**Task goal:** Reproduce the records below exactly, but leave their pictures out of the copy.

**Source material:**
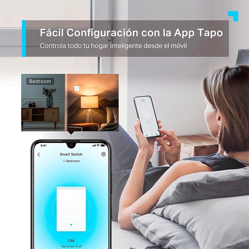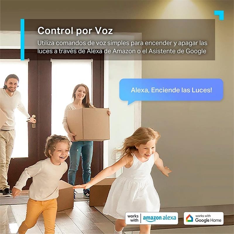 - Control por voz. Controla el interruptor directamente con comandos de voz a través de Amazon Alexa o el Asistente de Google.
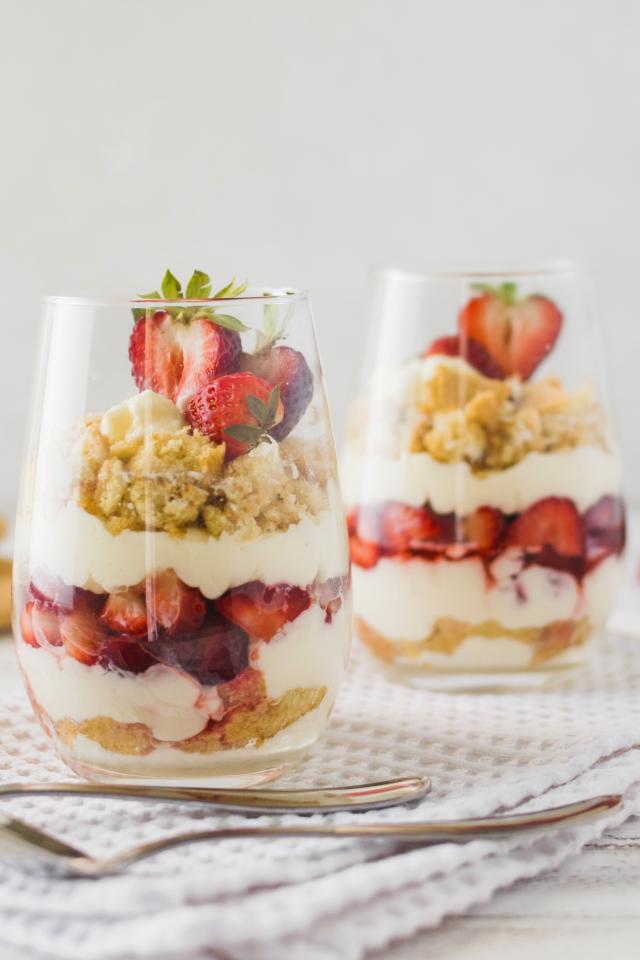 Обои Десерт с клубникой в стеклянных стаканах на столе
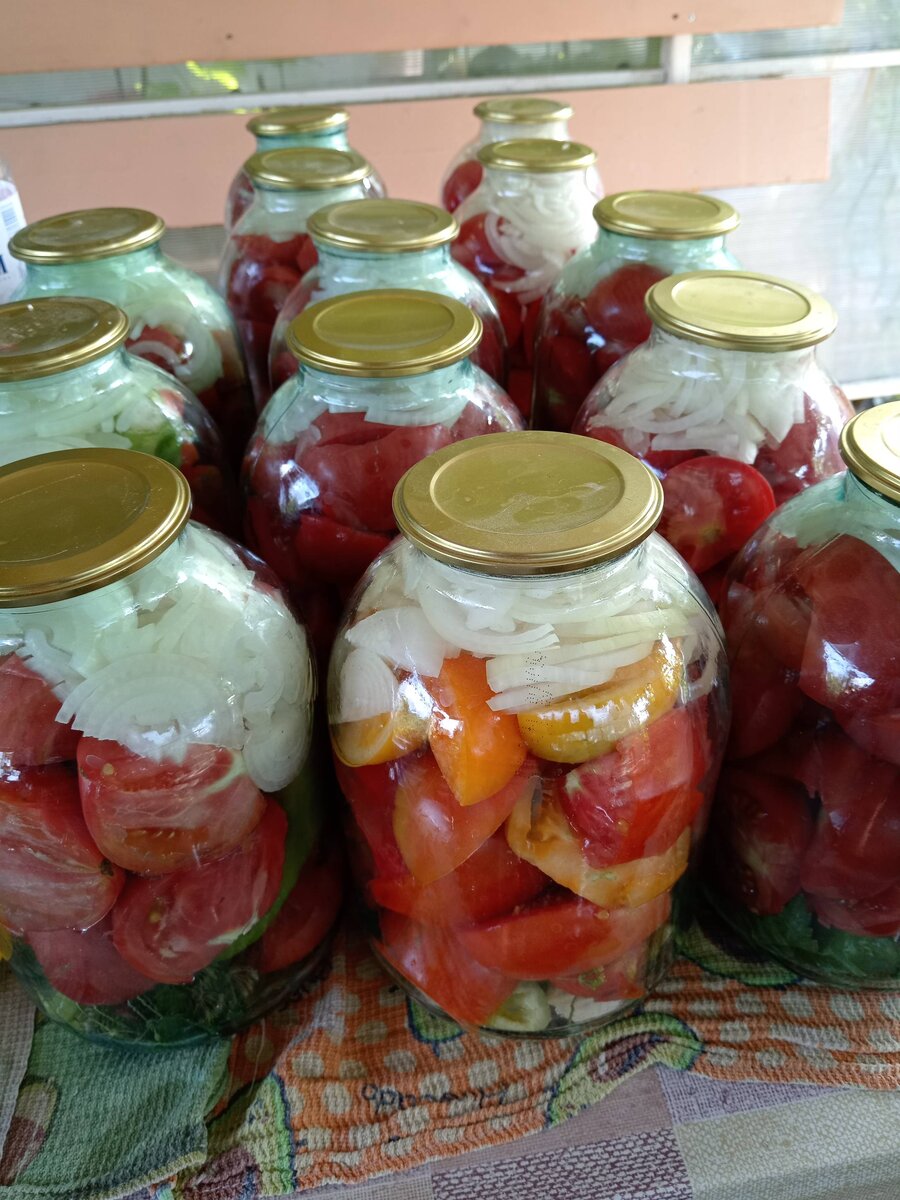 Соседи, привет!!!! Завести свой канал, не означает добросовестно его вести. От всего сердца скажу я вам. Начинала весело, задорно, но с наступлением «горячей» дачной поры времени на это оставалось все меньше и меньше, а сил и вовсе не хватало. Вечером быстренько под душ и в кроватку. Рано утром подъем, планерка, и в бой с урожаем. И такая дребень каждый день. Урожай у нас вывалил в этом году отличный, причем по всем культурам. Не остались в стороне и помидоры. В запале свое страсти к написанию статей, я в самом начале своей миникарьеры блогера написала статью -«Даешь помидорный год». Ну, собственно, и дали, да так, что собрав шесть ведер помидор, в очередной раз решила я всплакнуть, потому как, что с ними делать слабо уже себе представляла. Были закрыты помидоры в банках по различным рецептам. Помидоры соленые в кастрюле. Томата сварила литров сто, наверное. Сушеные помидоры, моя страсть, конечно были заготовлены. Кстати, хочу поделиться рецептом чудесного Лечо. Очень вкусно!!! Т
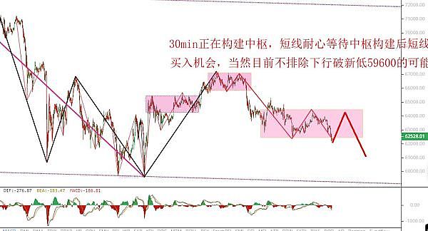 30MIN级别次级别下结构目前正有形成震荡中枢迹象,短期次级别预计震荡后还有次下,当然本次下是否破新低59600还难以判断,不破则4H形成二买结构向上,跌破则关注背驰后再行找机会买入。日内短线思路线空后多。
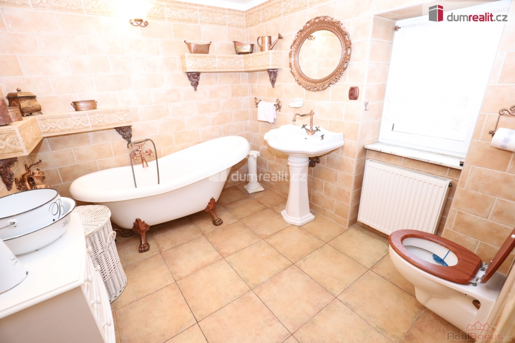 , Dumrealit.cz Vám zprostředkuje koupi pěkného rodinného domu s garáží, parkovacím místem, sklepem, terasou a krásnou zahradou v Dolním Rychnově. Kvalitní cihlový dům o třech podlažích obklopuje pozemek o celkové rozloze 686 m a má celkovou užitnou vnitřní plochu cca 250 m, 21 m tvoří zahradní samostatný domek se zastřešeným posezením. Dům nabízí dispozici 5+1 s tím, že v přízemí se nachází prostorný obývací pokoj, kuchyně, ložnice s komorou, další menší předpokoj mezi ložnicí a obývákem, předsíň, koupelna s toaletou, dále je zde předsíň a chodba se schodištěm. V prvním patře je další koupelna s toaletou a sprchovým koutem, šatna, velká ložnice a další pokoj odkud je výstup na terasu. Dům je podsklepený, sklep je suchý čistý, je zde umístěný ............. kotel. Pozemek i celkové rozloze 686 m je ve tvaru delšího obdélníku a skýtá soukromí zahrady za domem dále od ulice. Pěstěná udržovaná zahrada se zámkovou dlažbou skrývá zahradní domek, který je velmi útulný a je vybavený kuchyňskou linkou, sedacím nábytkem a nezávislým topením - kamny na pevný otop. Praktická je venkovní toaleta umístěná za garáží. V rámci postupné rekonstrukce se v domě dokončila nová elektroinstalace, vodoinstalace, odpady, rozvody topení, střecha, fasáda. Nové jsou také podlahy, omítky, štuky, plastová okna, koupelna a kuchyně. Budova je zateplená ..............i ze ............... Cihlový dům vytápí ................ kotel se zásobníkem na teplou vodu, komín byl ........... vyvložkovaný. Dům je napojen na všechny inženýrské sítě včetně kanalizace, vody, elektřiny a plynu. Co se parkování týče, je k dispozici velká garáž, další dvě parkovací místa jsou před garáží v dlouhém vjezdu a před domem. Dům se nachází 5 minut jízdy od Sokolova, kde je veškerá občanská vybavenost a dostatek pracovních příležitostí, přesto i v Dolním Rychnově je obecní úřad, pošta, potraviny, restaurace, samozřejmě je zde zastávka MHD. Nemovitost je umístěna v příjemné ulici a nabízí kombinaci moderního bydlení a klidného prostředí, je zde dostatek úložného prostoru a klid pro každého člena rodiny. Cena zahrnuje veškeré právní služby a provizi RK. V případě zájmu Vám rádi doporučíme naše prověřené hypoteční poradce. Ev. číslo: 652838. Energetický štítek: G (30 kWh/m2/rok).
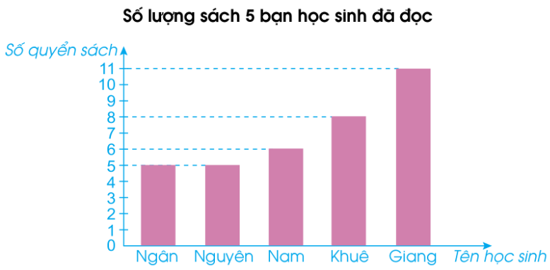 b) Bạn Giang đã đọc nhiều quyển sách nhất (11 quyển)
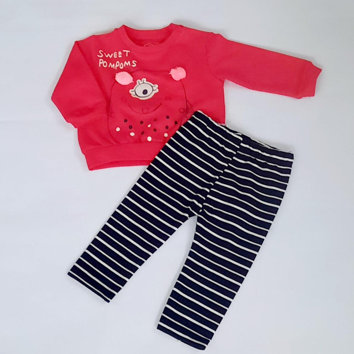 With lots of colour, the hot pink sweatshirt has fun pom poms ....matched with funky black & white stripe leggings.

**Task output:**
 - Control por voz. Controla el interruptor directamente con comandos de voz a través de Amazon Alexa o el Asistente de Google.
 Обои Десерт с клубникой в стеклянных стаканах на столе
 Соседи, привет!!!! Завести свой канал, не означает добросовестно его вести. От всего сердца скажу я вам. Начинала весело, задорно, но с наступлением «горячей» дачной поры времени на это оставалось все меньше и меньше, а сил и вовсе не хватало. Вечером быстренько под душ и в кроватку. Рано утром подъем, планерка, и в бой с урожаем. И такая дребень каждый день. Урожай у нас вывалил в этом году отличный, причем по всем культурам. Не остались в стороне и помидоры. В запале свое страсти к написанию статей, я в самом начале своей миникарьеры блогера написала статью -«Даешь помидорный год». Ну, собственно, и дали, да так, что собрав шесть ведер помидор, в очередной раз решила я всплакнуть, потому как, что с ними делать слабо уже себе представляла. Были закрыты помидоры в банках по различным рецептам. Помидоры соленые в кастрюле. Томата сварила литров сто, наверное. Сушеные помидоры, моя страсть, конечно были заготовлены. Кстати, хочу поделиться рецептом чудесного Лечо. Очень вкусно!!! Т
 30MIN级别次级别下结构目前正有形成震荡中枢迹象,短期次级别预计震荡后还有次下,当然本次下是否破新低59600还难以判断,不破则4H形成二买结构向上,跌破则关注背驰后再行找机会买入。日内短线思路线空后多。
 , Dumrealit.cz Vám zprostředkuje koupi pěkného rodinného domu s garáží, parkovacím místem, sklepem, terasou a krásnou zahradou v Dolním Rychnově. Kvalitní cihlový dům o třech podlažích obklopuje pozemek o celkové rozloze 686 m a má celkovou užitnou vnitřní plochu cca 250 m, 21 m tvoří zahradní samostatný domek se zastřešeným posezením. Dům nabízí dispozici 5+1 s tím, že v přízemí se nachází prostorný obývací pokoj, kuchyně, ložnice s komorou, další menší předpokoj mezi ložnicí a obývákem, předsíň, koupelna s toaletou, dále je zde předsíň a chodba se schodištěm. V prvním patře je další koupelna s toaletou a sprchovým koutem, šatna, velká ložnice a další pokoj odkud je výstup na terasu. Dům je podsklepený, sklep je suchý čistý, je zde umístěný ............. kotel. Pozemek i celkové rozloze 686 m je ve tvaru delšího obdélníku a skýtá soukromí zahrady za domem dále od ulice. Pěstěná udržovaná zahrada se zámkovou dlažbou skrývá zahradní domek, který je velmi útulný a je vybavený kuchyňskou linkou, sedacím nábytkem a nezávislým topením - kamny na pevný otop. Praktická je venkovní toaleta umístěná za garáží. V rámci postupné rekonstrukce se v domě dokončila nová elektroinstalace, vodoinstalace, odpady, rozvody topení, střecha, fasáda. Nové jsou také podlahy, omítky, štuky, plastová okna, koupelna a kuchyně. Budova je zateplená ..............i ze ............... Cihlový dům vytápí ................ kotel se zásobníkem na teplou vodu, komín byl ........... vyvložkovaný. Dům je napojen na všechny inženýrské sítě včetně kanalizace, vody, elektřiny a plynu. Co se parkování týče, je k dispozici velká garáž, další dvě parkovací místa jsou před garáží v dlouhém vjezdu a před domem. Dům se nachází 5 minut jízdy od Sokolova, kde je veškerá občanská vybavenost a dostatek pracovních příležitostí, přesto i v Dolním Rychnově je obecní úřad, pošta, potraviny, restaurace, samozřejmě je zde zastávka MHD. Nemovitost je umístěna v příjemné ulici a nabízí kombinaci moderního bydlení a klidného prostředí, je zde dostatek úložného prostoru a klid pro každého člena rodiny. Cena zahrnuje veškeré právní služby a provizi RK. V případě zájmu Vám rádi doporučíme naše prověřené hypoteční poradce. Ev. číslo: 652838. Energetický štítek: G (30 kWh/m2/rok).
 b) Bạn Giang đã đọc nhiều quyển sách nhất (11 quyển)
 With lots of colour, the hot pink sweatshirt has fun pom poms ....matched with funky black & white stripe leggings.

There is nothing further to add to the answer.